Strong, spicy blonde beer with firm maltiness and a warming finish.
Glass: Tulip beer glass
You can explore the yeast potential in this recipe. As, POF+, this yeast can produce clove-like aromas. So you can play with the Ester/4-VG ratio.
RECIPE FOR 100L
Step 1: Mashing
Mash-in and follow the profile below:
Mash-in at 63°C
Rest for 40min at 63°C
Rise to 68°C at 1°C/min. Rest for 20min at 68°C
Rise to 72°C at 1°C/min
Rest for 10min at 72°C and do the Iodine Test
Rise to 78°C at 1°C/min
Rest for 2min at 78°C to mash out
Once the mash is done, filter and sparge with water at 78°C
Step 2: Boiling
Boil for 75min.
Hop addition 1: After 15min add Perle.
Hop Addition 2: After 70min add Palisade
Spices Addition: After 70min add Cinnamon and Star Anise.

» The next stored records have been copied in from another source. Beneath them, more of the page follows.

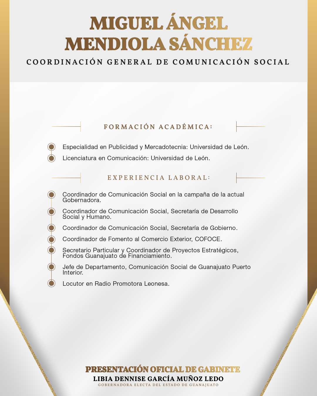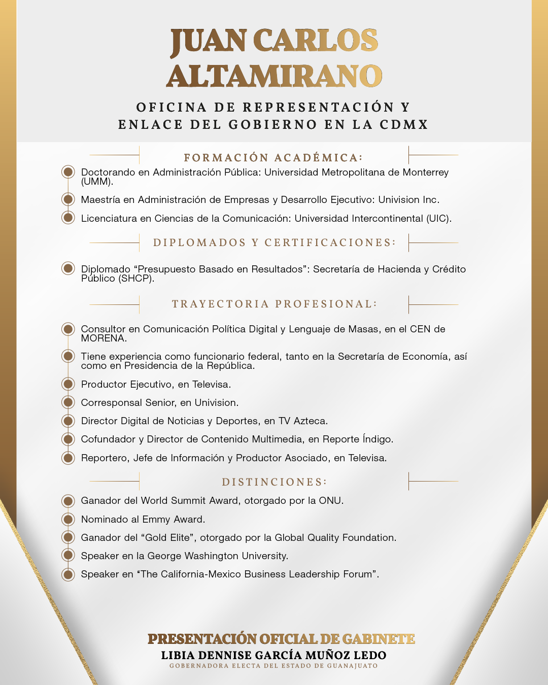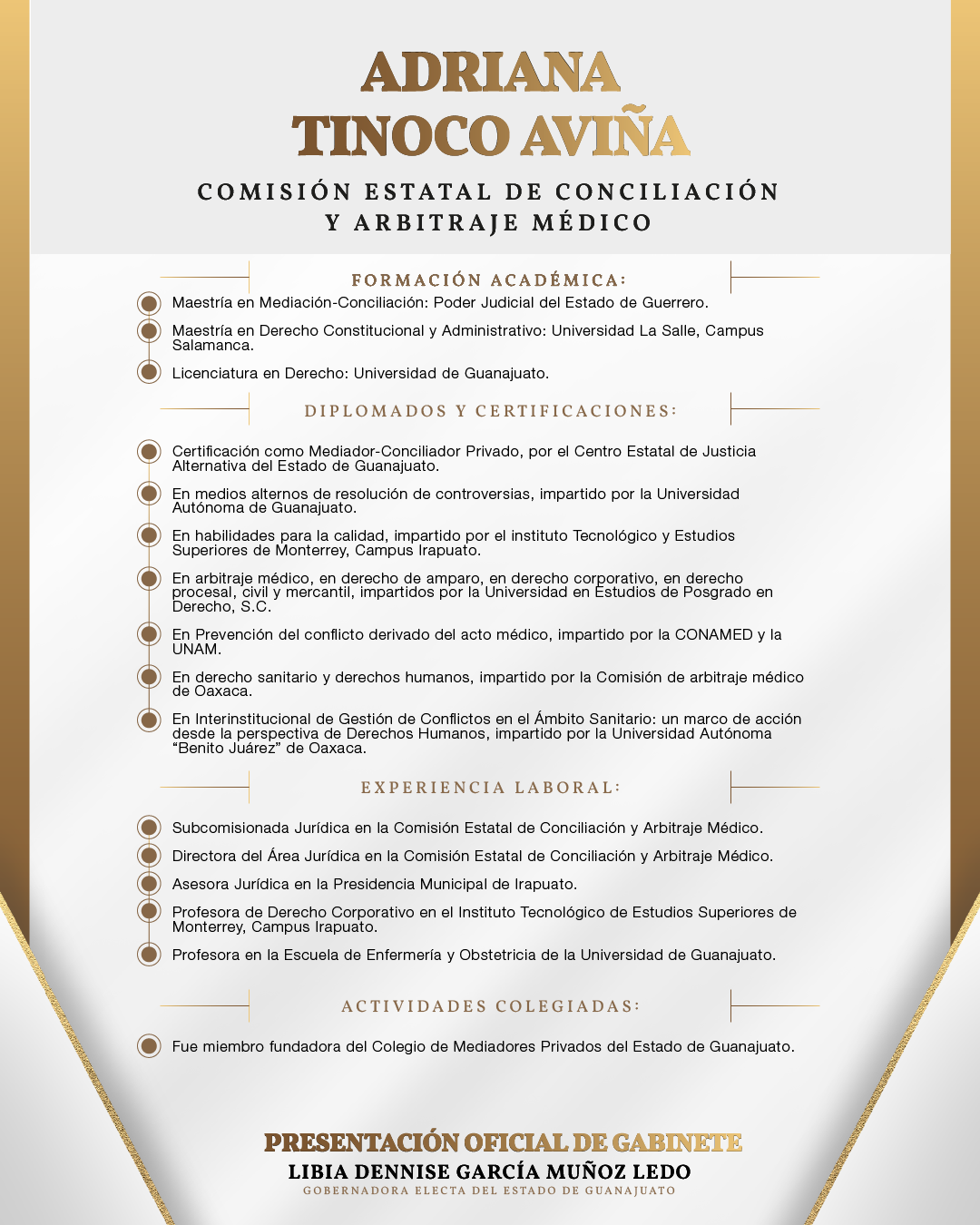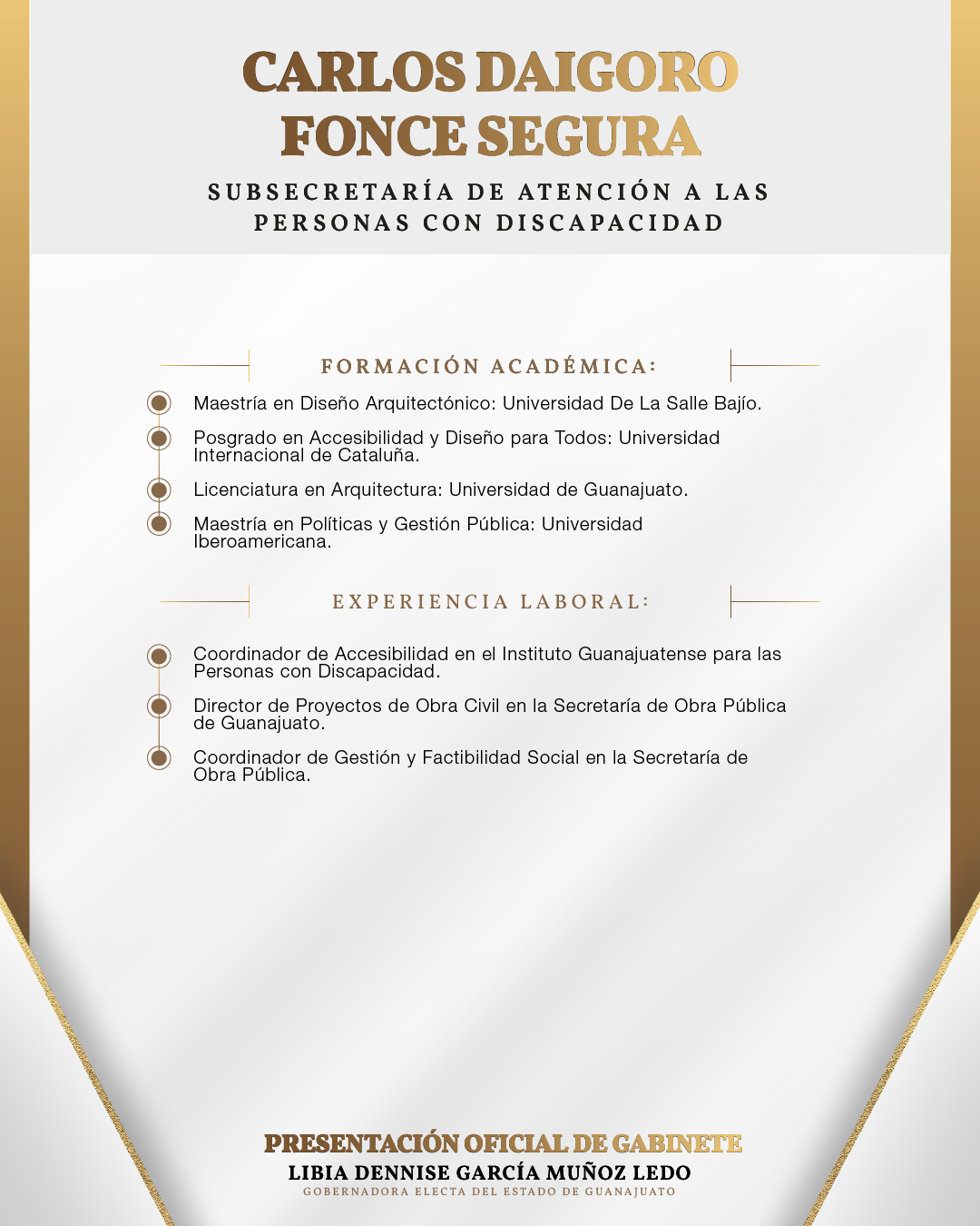 Nos enorgullece presentar a quienes formarán parte del gabinete, un equipo diverso y comprometido con el bienestar de todas y todos. Con esfuerzo compartido y trabajo conjunto, haremos realidad los sueños y proyectos que mejorarán la calidad de vida de nuestra comunidad.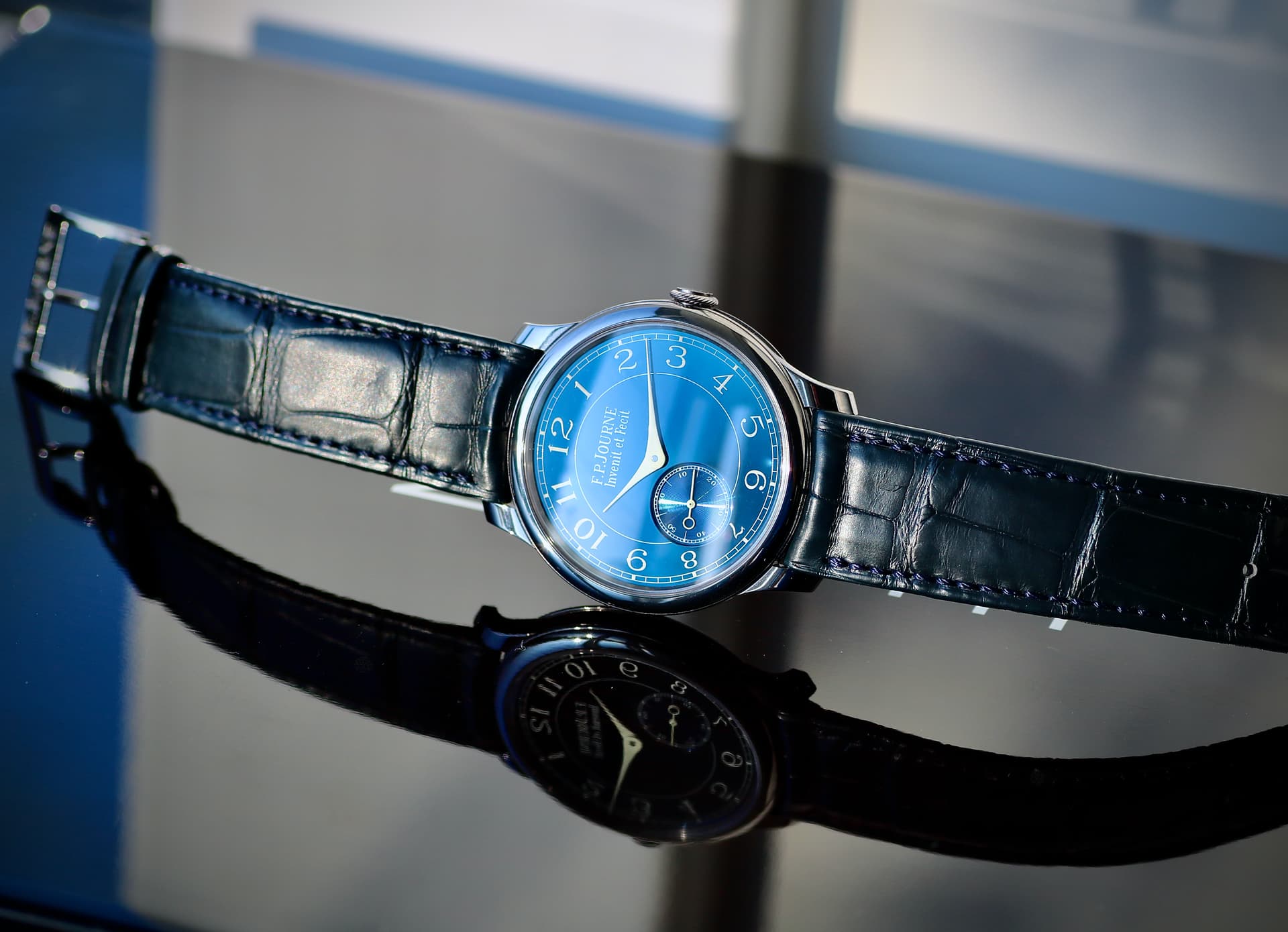 Dan was er nog de wijzerplaat … waarschijnlijk het meest opvallende onderdeel van het horloge, maar ook het moeilijkst te maken. Om die opvallende blauwe ‘spiegel’ te krijgen, wordt de plaat meerdere keren gepolijst en gelakt. Dat proces is zó delicaat dat uiteindelijk maar één op de vier à vijf platen goed genoeg is om te gebruiken. De rest, waar veel tijd en werk in zit, belandt in de prullenbak. Vergelijk het met émail cloisonné, zoals bij de Patek Worldtimer 5131: ook daar leidt het arbeidsintensieve proces vaak tot frustratie, omdat zoveel platen onbruikbaar eindigen.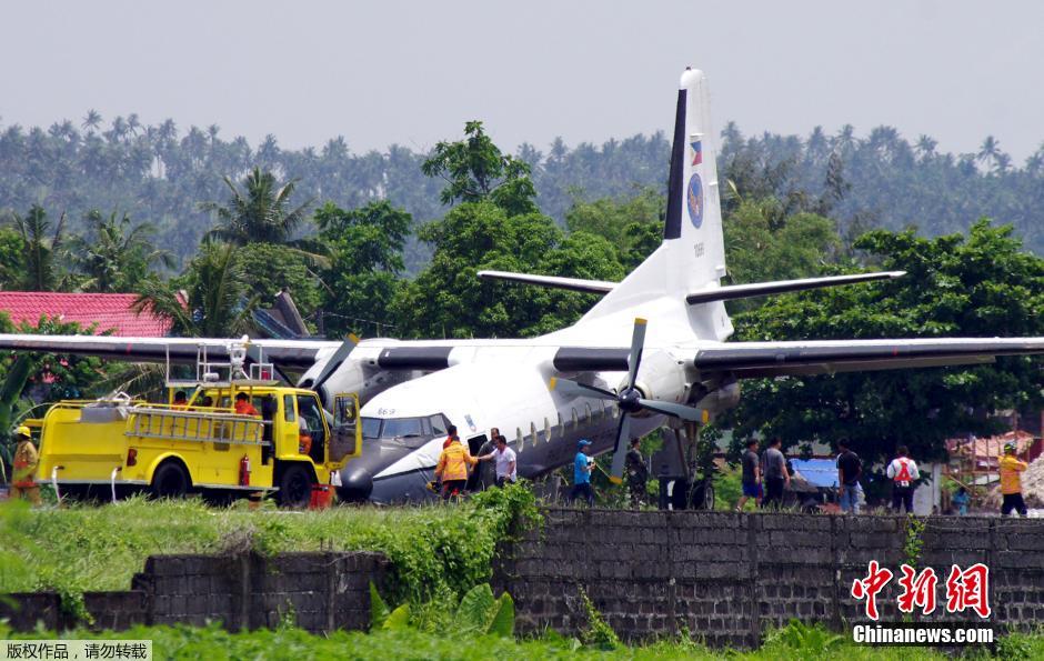 当地时间2015年5月11日,菲律宾黎牙实比,菲律宾空军福克F27飞机在机场跑道上俯冲。此次事故前起落架故障引起,无人员受伤,但造成机场数航班延迟。

Whirlpool to remove the trub
Step 3: Fermentation and Maturation Cool down the wort to 18°C and pitch the yeast. Ferment at 18°C for 2 days then rise to 22°C. Once the fermentation is done (FG reached and off-flavors removed – about 7 days), drop the temperature to 8°C and rest for 1 day, and then harvest the yeast. Drop the temperature to 2°C and rest for 10 days.
Step 4: Cold Aging and Packaging Cold age the beer at -1°C for 5 days, remove the residual yeast, and carbonate until 2.8 volumes of CO2. The beer is ready to package and drink. Enjoy! *For refermentation in the bottle, add brewing sugar and SafAle F-2.